• OneTrack Marketing

Engineered Labor Standards are broken

Does your warehouse still run on manually engineered labor standards? You might be losing millions on missed opportunities for performance improvements and cost reduction.


In today's labor-constrained environment, it is imperative that your warehouse workforce move as fast and accurately as possible. As a Thirdparty Logistics Provider (3PL), your clients demand faster turnarounds, higher volumes, and reduced OS&D claims every day.


Traditional engineered labor standards are broken because they only capture a single snapshot in time and they do not take into account the continuous change in priorities and operating circumstances of a real-world warehouse. After all, if there is one constant in warehousing and logistics, it is change and a never-ending shortage of new and unexpected challenges every day.


Engineered labor standards make a critical error in assuming:

  • a static environment

  • a constant labor force

  • theoretical forklift travel paths

  • consistent product types and storage solutions

  • shipments that arrive in as-expected condition

Even the most advanced engineered labor standards are fundamentally limited by the engineers who derive, measure and implement them. The formulas are usually out of date by the time they are implemented and humans simply cannot process and make sense of the thousands of real-time data points that are available in modern warehouses today.

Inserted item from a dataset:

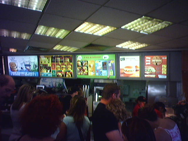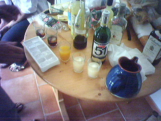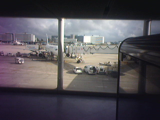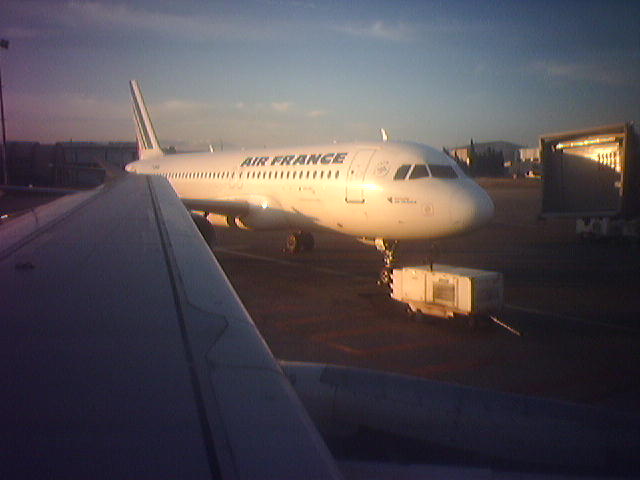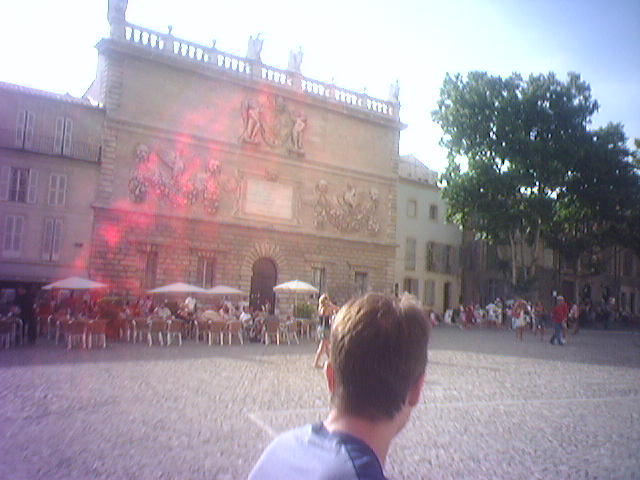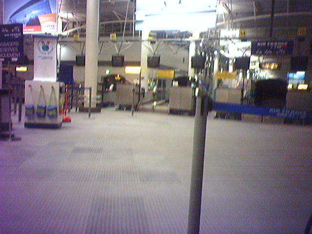 my distaste for airports soon became justified... Edit: Sorry for a somewhat lack of continuity, after most of the eventful stuff that happened amongst all the angst of traveling in airports, I was convinced to continue making daily updates to this page (internet connectivity pending). My first problem, was mistaking a Thursday for being a Friday. This just meant that I was one day ahead of myself and that I could relax for a day. The next afternoon, I was off to the Pittsburgh International Airport. I checked my guitar and some bag that belonged to Cheryl, got my boarding pass, headed to the gate. Fortunately, there was a bar right across the way from the gate, so I was able to drink there until it was time to get on the plane. Unfortunately, I failed to notice that I was boarding the plane 30 minutes AFTER the plane was scheduled to have left. This mistake would foreshadow the things to come. So now I'm on a little Continental Express flyer, somewhere over Pennsylvania. No problems. That is until we land in Newark, about 40 minutes late (stems from leaving 40 minutes late), and we are taxiing to our gate, and it takes us 30 minutes to do that. (Newark Airport)--;. This is bad. I need to get onto an Air France flight to Paris in about 20 minutes. This entails walking to the end of my current terminal (C), getting on a train, get off at the next terminal (B), then walk to the ticketing counter to get my boarding pass, then go through security, then traverse this terminal to get to the gate. My little quest through Newark Airport was brought to an abrupt halt at the Air France ticketing counter in terminal B, however, by a not very nice french desk attendant. Having about 10 minutes left, he told me I was too late (I would later find out that I was mysteriously upgraded to first class on this flight). He then told me that it wasn't Air France's fault that I was here late and that I should go to Continental's ticketing counter since their plane was the one that caused me to miss my Air France flight. This means another train ride for me. Back in terminal C, I find my way to the international flights ticket counter to be greeted by a long line. After about 30 minutes in this line, the guy at the counter tells me I need to talk to Air France, since I bought my tickets through them, and that I should probably get them to get me a hotel room for the night. This, of course, means another train ride. Back in terminal B, I'm greeted by the same not very friendly french guy, he says they won't get me a hotel room, that there was nothing they could do, and that I should continue to talk to Continental. So, another train ride later, I'm back in terminal C at the back of a very long line leading up to the international flights ticket counter. This time I get some lady, she is sympathetic to my cause. She tells me there is a flight to paris tonight at 10pm, but I'll have to be on standby. 2 hours later, me and about 5 other people are waiting at the gate, watching an entire planeload of people disappear through the gate doors, the gate that would get me to Paris. An hour later, me and the 5 other people are told we should go to the Customer Service Center and get a hotel room. It wasn't all that bad. The customer service lady was pretty nice, I requested a hotel with a bar and got the Hilton, and I got boarding passes for a flight leaving at 6pm the next day to Paris and the one from Paris to Marseille. While waiting for the train that would take me to the parking area where the hotel shuttles were, I noticed that one of the flight info screens had crashed. Funny. So they use Windows 2000. I also noticed that every few hundred feet there was a Defibrillator on the walls. I think there were more of these than there were fire extinguishers. Finally, I arrive at the curb where the shuttles are. It is very hot and humid in Newark, and this makes waiting for a shuttle outside very painful. Eventually, I am wisked away to the Gateway Hilton, and after about 20 minutes in line (with all the other people from the airport that got the shaft) I get my keycard and I'm off for a quick change of clothing. Then it's off to the hotel bar. I order a Jameson's on the rocks, I get this glass with a pitiful amount of whiskey in it. It disappeares before the bartender turns around, "Want another?", he asks me. I tell him that my day was filled with pain, pain that can only be relieved by inebriation. I give him a credit card and say, "Whenever this glass looks empty, it needs to be refilled, to the top", and the bartender knew exactly what I meant, bartenders of this caliber are rare. Last call comes around, the bartender continues to pour, he tells me he's only going to charge me singles for these next few. The time is 1:50, the pizza shop that I planned to order pizza from closes at 2:00. With the tab taken care of, I start calling to order a pizza while I make my way to my room. At this point things start getting a little blurry. It takes an hour for the pizza to arrive at the hotel, there was some girls that couldn't get to the pool because they left their keycard in the room, eating pizza, anime on laptop, passing out, something... I wake up with a pizza box and my laptop on my stomach. It's 9am (wtf?). I get some ice and drink some water, made some coffee, and did some work on my laptop. At noon, the hotel kicks me out so I make my way to the airport. Michelle calls me and says she is going to try to get me upgraded to first class. As I am talking to the same not very friendly french guy at the Air France ticket counter, I see that getting upgraded isn't going to happen. With many hours to kill, and still without any food in my stomach, I do the most logical thing I could think of: Find a bar with a power outlet and drink bloody mary's while watching anime on my laptop. Several hours go by and I make my way to the gate. Things seem to go a little more smoothly today. I get on the plane, which was on time, and I'm g

As a result, most labor standards are inadequate, over-simplified, and inconsistent. The result has implications not just for productivity, but also for employee retention and development:

  • How can you hold an employee accountable to performance goals that are not rooted in the current reality?

  • How can management make HR decisions based on inaccurate performance data?

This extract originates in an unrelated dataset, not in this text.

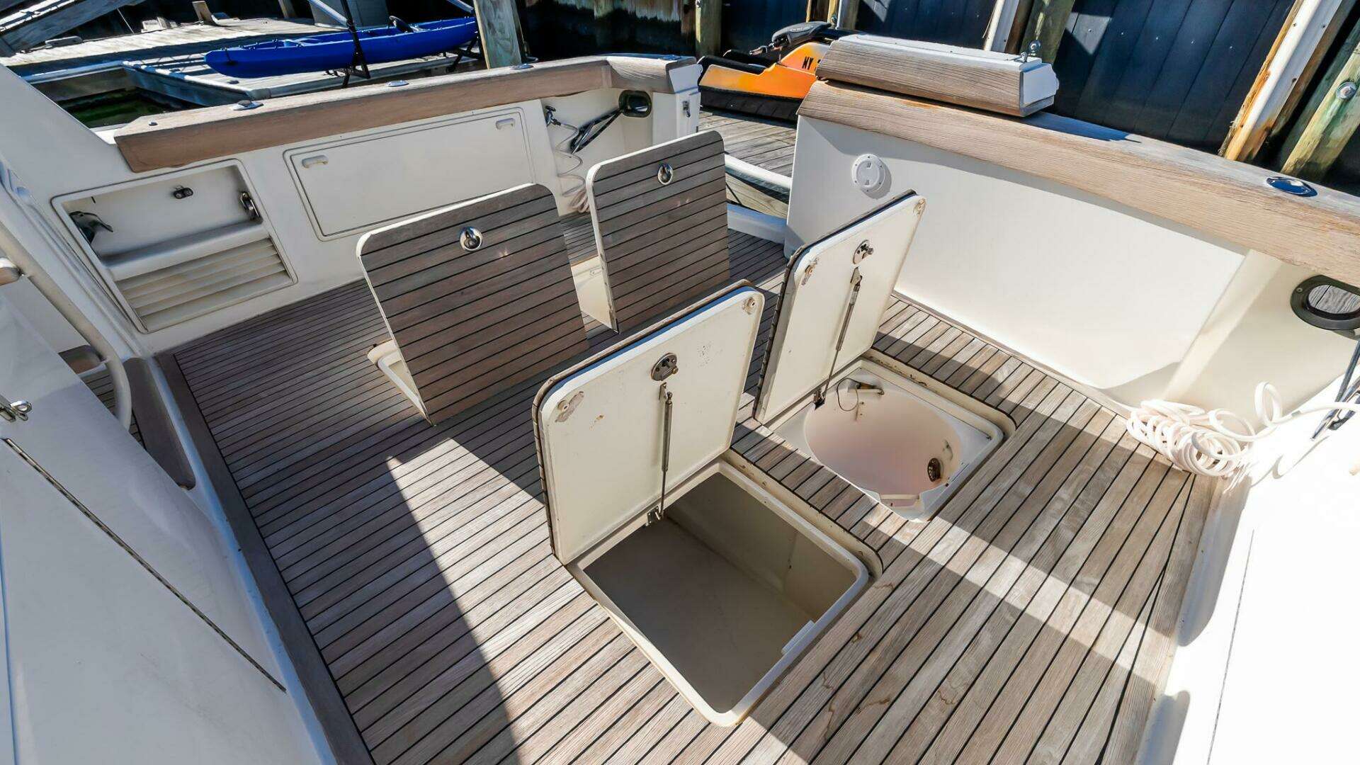 - Very large in-deck fishbox

Ultimately, instead of coaching on the process, employees are coached on the outcome which creates a negative feedback cycle that results in higher turnover and lower employee retention. This comes at a high cost to 3PLs because every new employee needs to be trained, onboarded, and ramped up over and over.


Long story short, you simply won't make employees faster by telling them to work faster.


That is precisely where OneTrack's Artificial Intelligence Solution can unlock massive operational advantages for real-time labor management in high-throughput warehouses. Instead of relying on manually engineered formulas to determine baseline performance and expected productivity, a self-learning algorithm is used that processes millions of data points every day and learns what is normal and what is not, just as it occurs on the warehouse floor.


As a result, the system can pinpoint specific operational bottlenecks or coaching opportunities that fall behind the curtain of "aggregate data" in traditional labor standards. In addition, the more data is available, the more accurately the Artificial Intelligence Solution can identify outliers and underlying root causes, for example:

  • Is it taking longer than expected to unload the inbound at door 24 because the airbags were not secured correctly and the load shifted?

  • Is the case pick in aisle 17 running long because the operator ended up traveling down the aisle in the wrong direction?

  • Is the cost per pallet skyrocketing on the third shift because the forklift operators take longer picking up pallets with their forks than usual?

  • Is 60% of your travel distance spent navigating congested loading docks rather than traveling down aisles?

Over time, the Artificial Intelligence Solution becomes better and more accurate at understanding the processes on your warehouse floor. Leveraging real-time data from systems like OneTrack's camera technology, it can adapt to the environment and external factors in real-time.


When combined with OneTrack's video-based AI performance management and remote coaching tools, productivity exceptions can be detected, recorded, and reported in real-time leading to instant improvement in productivity and labor cost per unit.